Жизнь не проходит одной и той же дорогой дважды.
…На заднем сиденье автобуса трясет, и голоса людей дробятся, как лен на трепале, — там балагурит какой-то весельчак. Он так и сыплет шутками, двусмысленными остротами. Смуглая девушка отвернулась к окну и, зажав рот ладонями, сдерживает смех; молодицы раскраснелись, с улыбкой поглядывают на парня, подбрасывают и от себя словечко, а он не пропускает никого, чтоб не наклеить ярлычка.

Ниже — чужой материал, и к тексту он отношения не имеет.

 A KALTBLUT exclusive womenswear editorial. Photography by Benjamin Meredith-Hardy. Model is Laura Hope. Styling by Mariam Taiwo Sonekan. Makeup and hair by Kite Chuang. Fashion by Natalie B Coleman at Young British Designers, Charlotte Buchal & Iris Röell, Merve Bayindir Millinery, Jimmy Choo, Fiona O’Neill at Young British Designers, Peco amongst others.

У парня ухарский вид, глаза дерзко поблескивают, — кто знает, может, парень подвыпил.
Рядом с ним сидит старушка. Из-под платка выбились прядки седых волос, щеки впалые, глаза грустные, а на шее как-то резко выпятились сухожилия.

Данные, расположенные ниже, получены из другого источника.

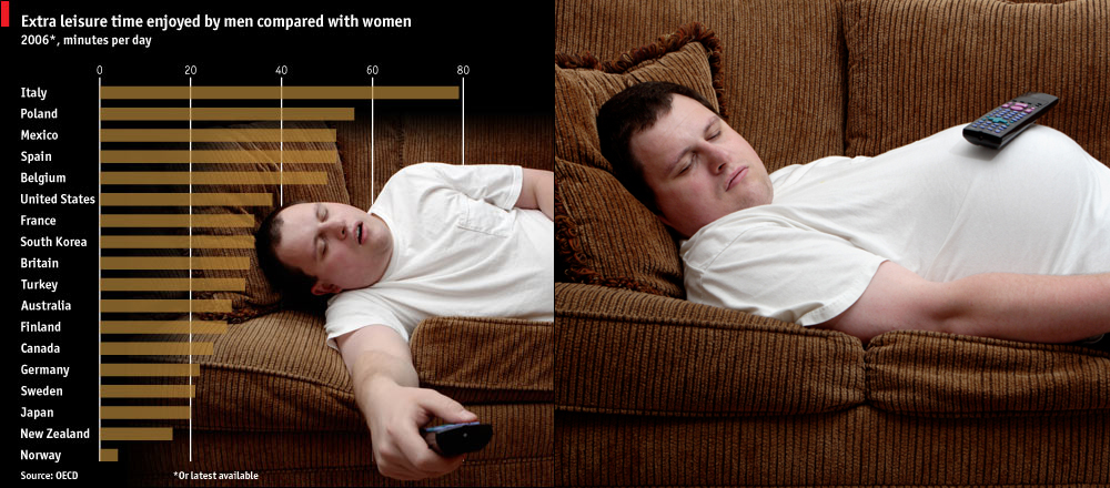 And sure enough. Back up a few weeks in our blog, and there he is, lending credibility to a graph about Leisure Time from The Economist magazine (above left). I’ve taken the two images and combined them side-by-side so that there’s no mistaking the fact that both pictures must have been taken at the same time. I don’t know if the person who created that graph for the Economist had access to both pictures, but if so, I agree that they picked the better one.

— Трясет, бабушка? — спрашивает парень.
— Трясет, милок, — отвечает.
— Почему же дома не сидите, а звоните костями по дорогам, как невеста ложками в святой вечер?
Смуглянка у окна прыснула в кулак, восхищенно глянула на парня, а тот лукаво подмигнул ей — и опять к старушке:
— А вы случайно не на ярмарку, бабушка?
— Нет, не на ярмарку, сынок, — прошамкала. — К дохтуру, в Новоселицу, зубы вставлять еду.
Смех.
— А без зубов, бабка, на тот свет не берут? Зубы ведь деньги большие стоят…
— Может, где за деньги, а в Новоселице докторша задаром вставляет… А на тот свет, говоришь… Ого… К богу отправиться всегда поспею.
Как-то сразу посуровело лицо у парня, и неожиданно сказал он такое, что молодицы охнули, а бабка перекрестилась.
— Когда отправитесь к этому своему богу на небо, скажите ему, что не по-божьи он поступает. Вас вот на свете долго держит, а мою Гафийку…
— Свят-свят… — снова закрестилась старушка.
— Не креститесь, рогов не ношу. Я в небо камни не швырял и окна богу не бил, так зачем же он мою Гафийку… Эх, бабка, бабка… Сиротки остались, как росинки на солнце…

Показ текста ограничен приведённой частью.